Update: More Brisbane urban exploration photography at Mr. Magoo ICU’s Flickr page.

I especially like this stark and beautiful shot of the Tennyson Power Station’s last days – it wasn’t accorded the same love and attention as the New Farm one, that’s for sure.

seductive mistake-ography

pegs, sky and clotheslineI’ve just uploaded some of the images from my very first rolls of medium format film, which I butchered in a Holga ‘toy’ camera and a Lubitel (a bit less of a toy, but still plastic). I shot off the first few rolls pretty much just as I wandered around the house. I love the sometimes beautiful mistakes (double exposures, lack of focus), the risk involved with choosing settings and then pressing the shutter when you don’t know an F stop from a bus stop, and the anxious wait to see what (if anything) the images look like when you get them back from the lab. There’s just something about all of it that I can’t help but be seduced by.

And, yes, to all those who have heard my several rants about how much I’m irritated by ‘the recuperation of the banality of everyday life as both extraordinary and resistant through knowing tactics of aestheticisation’ etcetera, I am definitely reviewing my former holier-than-thou attitude towards the practice, if not the institutionalised wankery, of ‘lomography’. After all, it’s just so fun and easy and, well, pretty.

Vernacular photography

Geoffrey Batchen defines vernacular photography like this:

The term ‘vernacular’ literally means the ordinary and ubiquitous but it also refers to qualities specific to particular regions or cultures.

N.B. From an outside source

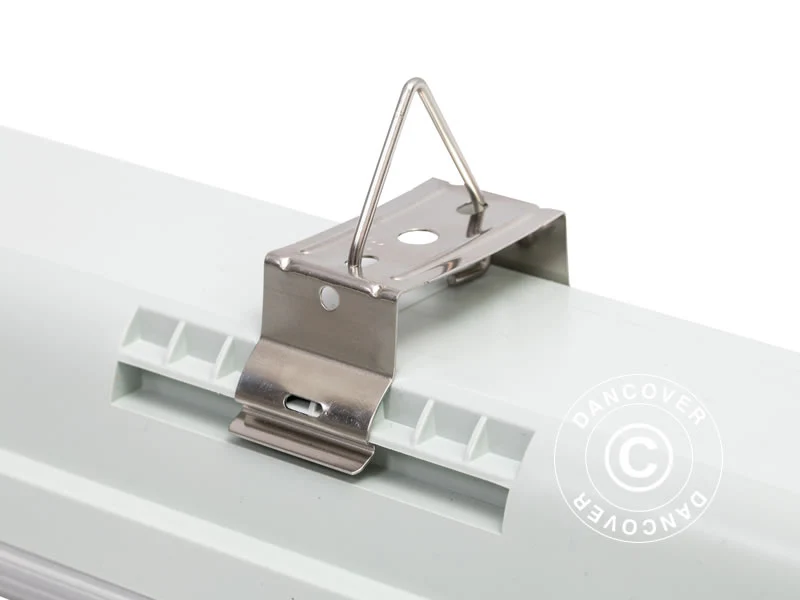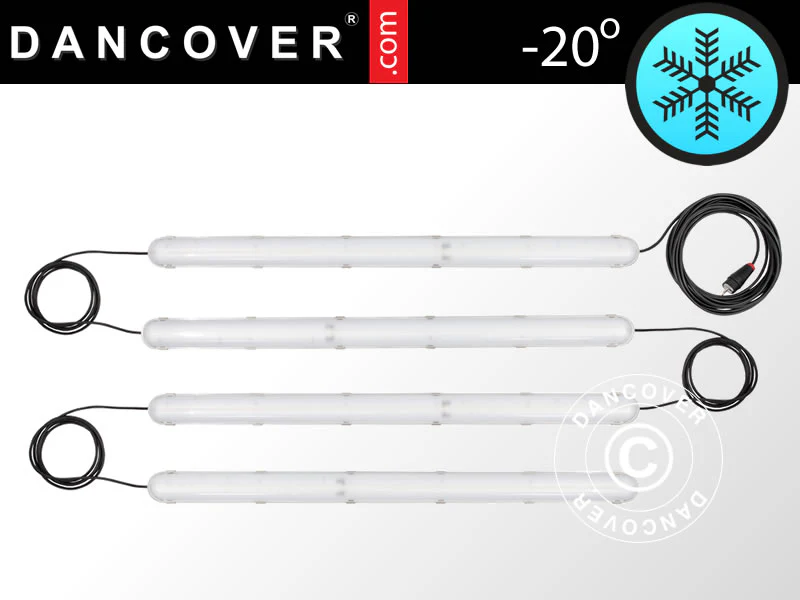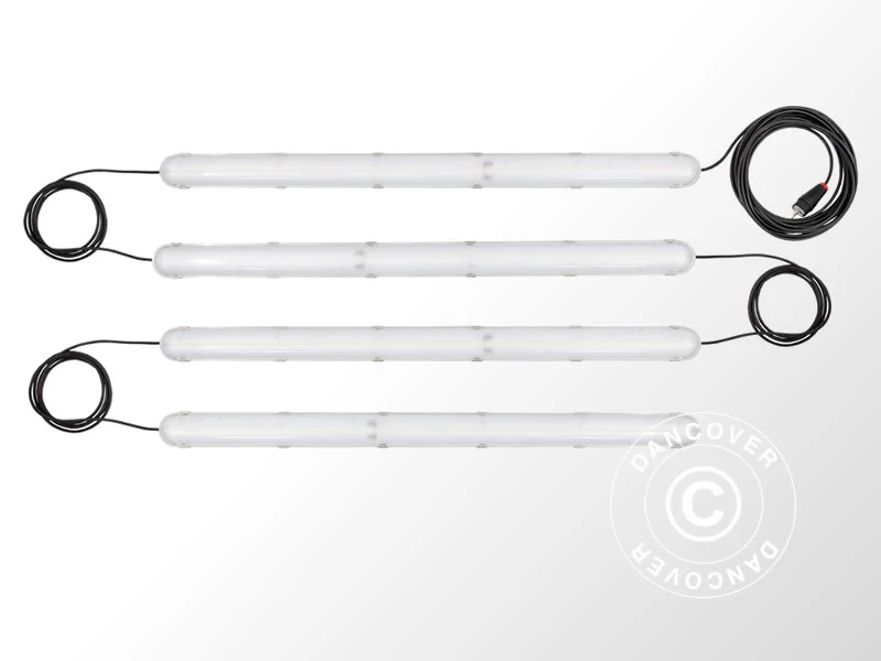 Industrielle LED-Lichtleiste mit angeschlossenen Beleuchtungskörper, perfekt geeignet für Lagerzelte, Zeltgaragen, Werkstätten, Lagerhäuser, Ställe, Besucherzelte, etc. Die Lichtleisten sind leicht anzubringen und können einfach an eine Steckdose angeschlossen werden, damit Ihr Lager, Ihr Lagerzelt, Werkstatt, ect. immer gut beleuchtet wird. Die Beleuchtungskörper sind mit einem 3m langen Kabel verbunden, sodass Sie sie aufhängen und in kürzester Zeit für bessere Lichtverhältnisse in ihrem Zelt oder Lager sorgen. Mit modernen LED-Lichtleisten in Ihrem Lagerzelt oder Lager können Sie sich jederzeit sicherer fortbewegen und leichter finden, wonach Sie suchen. Die hohe Sicherheitsklassifizierung nach IP65 ermöglicht den Einsatz der LED-Lichtleisten fast überall. Die LED-Lichtleisten haben zudem einen sehr niedrigen Energieverbrauch.

Its attachment to the word ‘photography’ allows historians like myself to argue for the need to devise a way of representing photography’s history that can incorporate all its many manifestations and functions. A vernacular history of photography will have to be able to deal with the kind of hybrid objects I describe above, but also with, for example, photographies from outside Europe and the U.S. It may mean having to adopt non-traditional voices and narrative structures. It will certainly mean abandoning art history’s evaluation system (based on masterpieces and masters, originality and innovation, and so on). In short, the term ‘vernacular photography’ is intended as a provocation and a challenge.

There’s also this post on the subject from juniorbonner.

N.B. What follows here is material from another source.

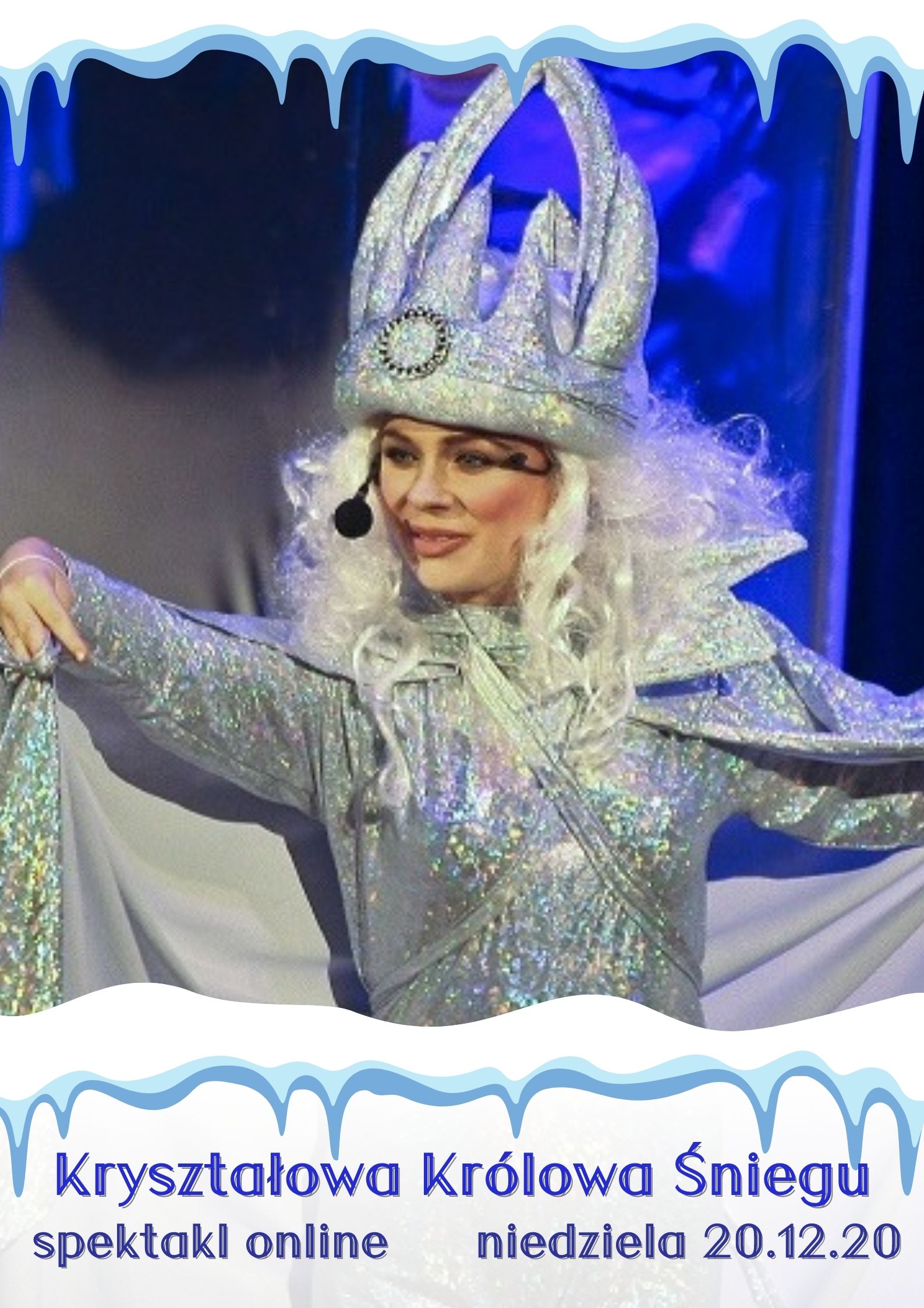 Kochane dzieciaki! Mamy dla Was fantastyczną wiadomość... W najbliższą niedzielę (20.12.20) za pośrednictwem naszej strony Facebook będziecie mogli obejrzeć przepiękny spektakl muzyczny KRYSZTAŁOWA KRÓLOWA ŚNIEGU. Przedstawienie będzie dostępne przez cały tydzień i na pewno umili Wam przedświąteczny czas.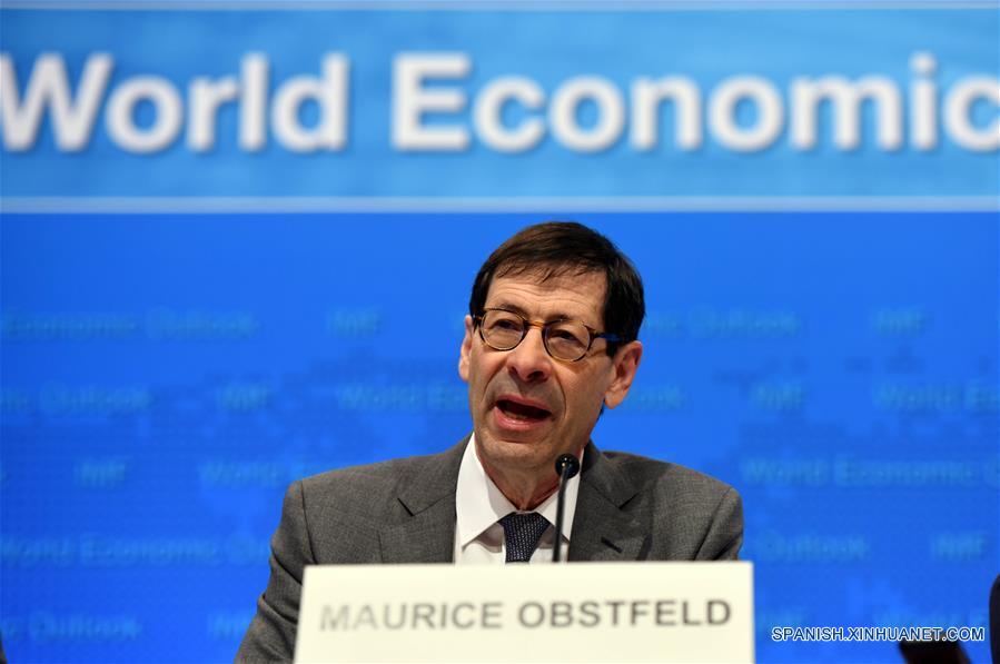 WASHINGTON D.C., abril 18, 2017 (Xinhua) -- El economista en jefe del Fondo Monetario Internacional (FMI), Maurice Obstfeld, asiste a una conferencia de prensa en la sede del FMI, en Washington D.C., Estados Unidos de América, el 18 de abril de 2017. El FMI incrementó el martes su pronóstico para el crecimiento económico mundial de 2017 gracias a los mercados financieros prometedores y a una recuperación cíclica largamente esperada en manufactura y comercio. (Xinhua/Yin Bogu)

A lot of the time the term ‘vernacular photography’ also seems to be synonymous with ‘found‘ photographs – particularly old, faded, crumpled photographs found lost or abandoned in a shoebox at a garage sale – someone else’s memories, with their technical and aesthetic ‘flaws’ left bare, their subjects left unidentified, and their narratives subject to the inventions of imaginative or curious viewers.